Towards an integrated experimental-theoretical approach for assessing the mechanistic basis of hair and feather morphogenesis

Abstract

In his seminal 1952 paper, 'The Chemical Basis of Morphogenesis', Alan Turing lays down a milestone in the application of theoretical approaches to understand complex biological processes. His deceptively simple demonstration that a system of reacting and diffusing chemicals could, under certain conditions, generate spatial patterning out of homogeneity provided an elegant solution to the problem of how one of nature's most intricate events occurs: the emergence of structure and form in the developing embryo. The molecular revolution that has taken place during the six decades following this landmark publication has now placed this generation of theoreticians and biologists in an excellent position to rigorously test the theory and, encouragingly, a number of systems have emerged that appear to conform to some of Turing's fundamental ideas. In this paper, we describe the history and more recent integration between experiment and theory in one of the key models for understanding pattern formation: the emergence of feathers and hair in the skins of birds and mammals.

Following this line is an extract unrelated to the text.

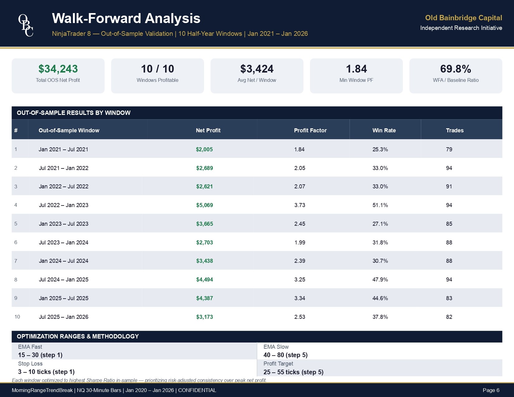 optimal parameters, and robustness across different market cycles

Keywords: Turing patterns; activator–inhibitor; feather buds and hair follicles; morphogenesis; reaction–diffusion; skin patterning.

Figure 1.

Biological pattern formation. (a–c) Self-organization at various spatial scales: (a) aggregation of Dictyostelium discoideum; (b) flocking; (c) patchy vegetation in Nigeria. (d–f) Pigmentation patterns: (d) swallowtail butterfly; (e) zebra; (f) sailfish tang. (g–j) Feathers, hairs and scales: (g) peacock; (h) Vladimir the cat; (i) three-banded armadillo; (j) central bearded dragon. Image information: (d–j) K.J.P.; (a) http://en.wikipedia.org/wiki/File:Dictyostelium_Aggregation.JPG, released into public domain, accessed 21/01/2012; (b) http://en.wikipedia.org/wiki/File:Fugle,_%C3%B8rns%C3%B8_073.jpg, released into public domain by C. Rasmussen, accessed 21 January 2012; (c) http://en.wikipedia.org/wiki/File:Gapped_Bush_Niger_Nicolas_Barbier.jpg, released into public domain by Nicolas Barbier, accessed 21 January 2012.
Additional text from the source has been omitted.